Believing this to be just another one of her lies, Nicholas points the gun at the locked door being broken down and fires his piece first. His bullet hits Conrad in the stomach, who is dressed in a tuxedo and holding a champagne bottle. Realizing that Christine was finally telling the truth, but unable to face the idea that he has probably murdered his own brother, Nicholas leaps from the rooftop, presumably to his death. His fall, however, is softened by some breakaway glass and a large inflatable mat situated in the middle of a ballroom where guests have been patiently anticipating Nicholas’ planned arrival. Conrad hurries into the room to prove to Nicholas that his gun was full of squibs and blanks. Nothing’s real. No one died. It’s all been part of the game.
Forever changed by the experience of nearly having lost everything to his own complacency, a more repentant and contrite Nicholas emerges from the experiment. After the party, Nicholas approaches Christine to inquire if she might agree to see him socially, now that their roleplaying has finally come to an end. The film ends before she can give her reply, leaving an open ended question of whether the game is still being played on an even more subliminal and perverse level.

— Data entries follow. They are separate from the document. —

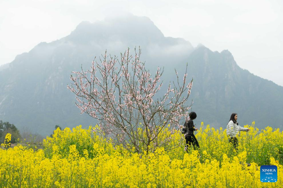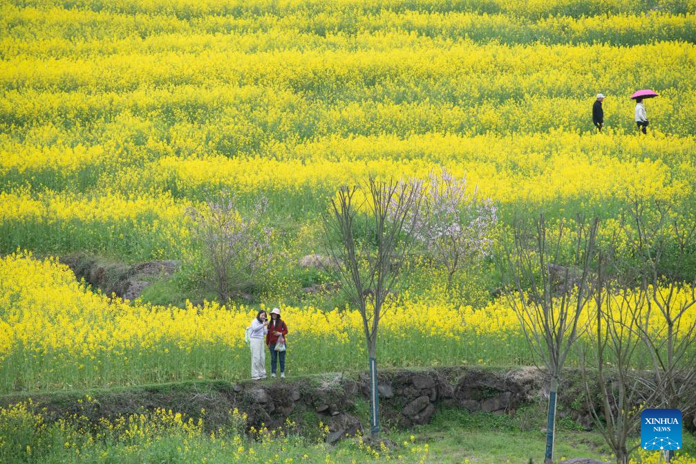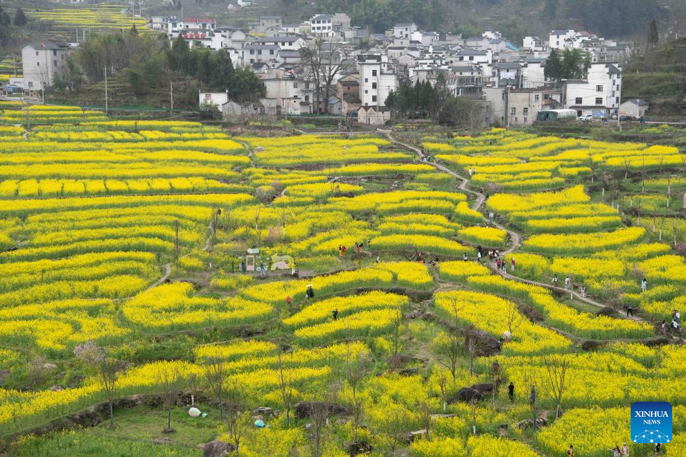 Tourists enjoy rapeseed flowers in Xingfu Village, Jixi County, Xuancheng City, east China's Anhui Province, March 22, 2026. (Xinhua/Zhang Duan)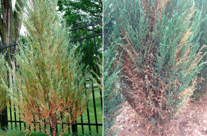 również jałowiec może stracić swój spektakularny wygląd, a nawet umrzeć z powodu choroby zwanej wysychaniem gałęzi. Aby zrozumieć, że krzew jest zainfekowany wiosną, jego igły stają się żółte i zaczynają umierać, na początku wpływa to na niezbyt duże obszary, ale z czasem choroba rozprzestrzenia się na cały jałowiec lub większość. W miarę rozwoju choroby małe owocniki grzybów tworzą się na powierzchni kory i igieł. Chory krzew należy natychmiast rozpocząć leczenie, ponieważ zaobserwowano pierwsze oznaki wysychania gałęzi. Aby to zrobić, odetnij wszystkie gałęzie żółtymi igłami, a sama roślina musi być traktowana roztworem fungicydu. W przypadku, gdy jałowiec jest bardzo dotknięty chorobą, będzie musiał zostać wykopany i zniszczony. W celu zapobiegania konieczne jest spryskanie krzaka 2 razy w sezonie, a mianowicie: w drugiej połowie kwietnia i w ostatnich dniach października, w tym celu stosuje się Tilt, Ridomil Gold MC lub SCOR.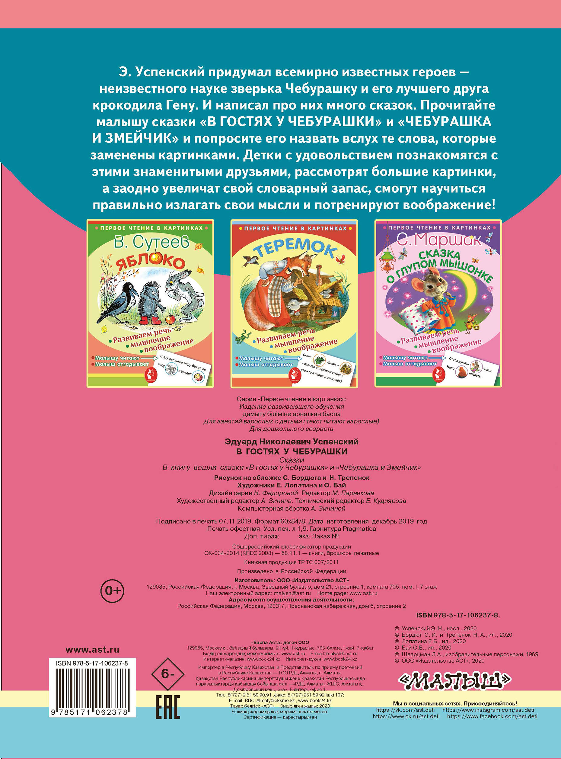 Прочитайте малышу сказки "В гостях у Чебурашки" и "Чебурашка и Змейчик" и попросите его назвать вслух те слова, которые заменены картинками.
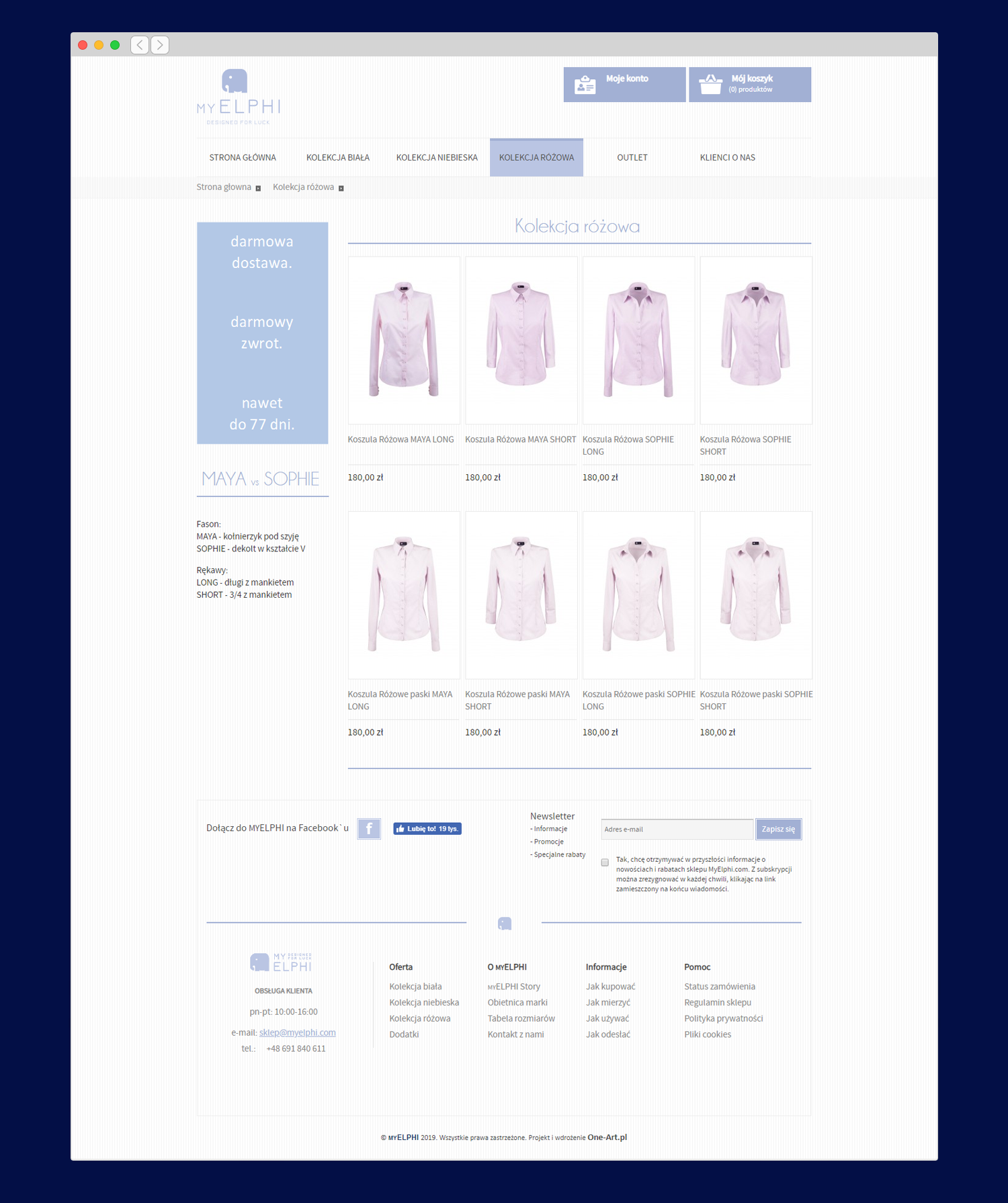 e-commerce site for polish brand MyElphi, design and implementation of online store

For the most part, The Game is a delectably deviant excursion. There has never been another film quite like it, not even from David Fincher whose view of modern society is born from a desperate need to connect in a sea of isolationism. Like all of Fincher’s variations on this theme, The Game greatly benefits from Harris Savides’ moody cinematography; stark and occasionally almost monochromatic. Michael Douglas gives another great performance as the monolithic executive whose sense of self is torn apart and then put back together for the better. Sean Penn’s role is practically a cameo, but he makes the absolute most of his brief scenes and is an indelible presence. Deborah Kara Unger provides solid support as his manipulative accomplice.
At long last Criterion gives us The Game in a transfer worthy of the film. For nearly two decades fans have had to contend with the now defunct Polygram non-anamorphic transfer, riddled in excessive artifacts and a barrage of edge enhancement that made the experience of viewing The Game a real challenge to say the least. The Criterion effort is only 2k resolution – a minor sticking point but one I continue to find quite unacceptable from Criterion, given that 4k hi-res imaging has recently given way to 6 and even 8k mastering in the hi-def marketplace.

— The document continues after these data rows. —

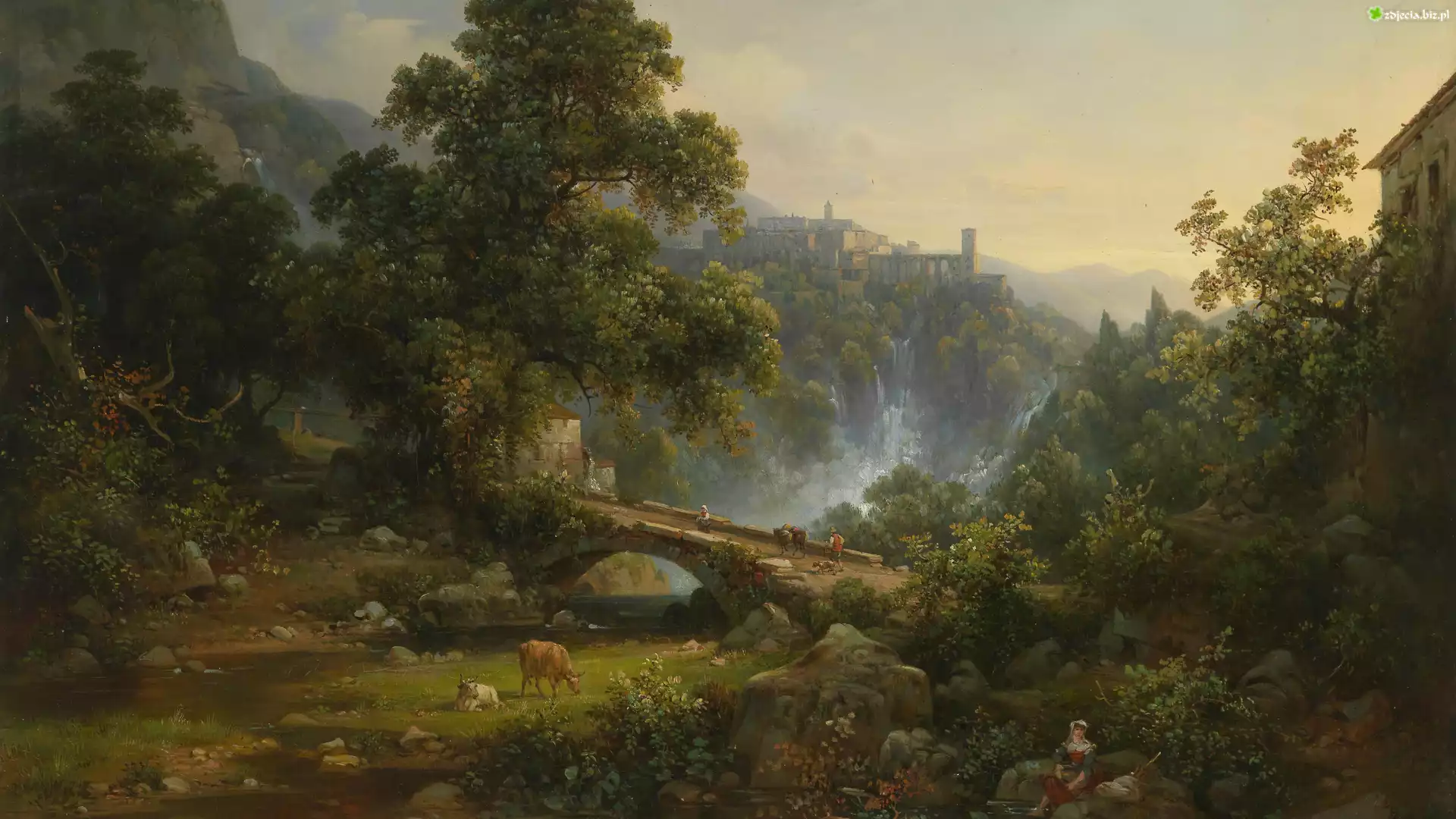 Zdjęcie Drzewa, Skały, Wieś, Most, Rzeka, Ludzie, Krowy, Malarstwo, Obraz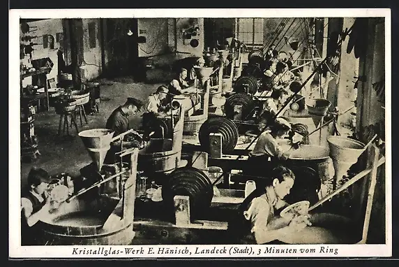 AK Landeck, Kristallglas-Werk E. Hähnisch mit Arbeitern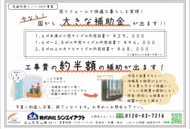LIXIL補助金対象インプラス(二重窓)リプラス(カバー工法)でお得に断熱リフォームしませんか!!

There’s nothing inherently wrong with this 2k scan. In fact, it’s quite good, capturing a lot of fine detail even from Savides’ low key lighting and cinematography that deliberately strains the eye. The stylized color palette is perfectly preserved. It’s difficult to assess accuracy of flesh tones, but suffice it to say this transfer is very film like and will surely not disappoint. Contrast is solid and grain appears quite natural. Good stuff. The 5.1 DTS audio is strikingly aggressive in spots. Dialogue is clean and clear.
Extras – thank heaven: an audio commentary that is fairly comprehensive and a good listen besides. We also get an alternate ending, the psychological test film footage, some behind the scenes junkets and film-to-storyboard comparisons, plus the film’s teaser and trailer. David Sterritt’s booklet essay is rather short but nevertheless provides some good information for the casual reader. Bottom line: recommended!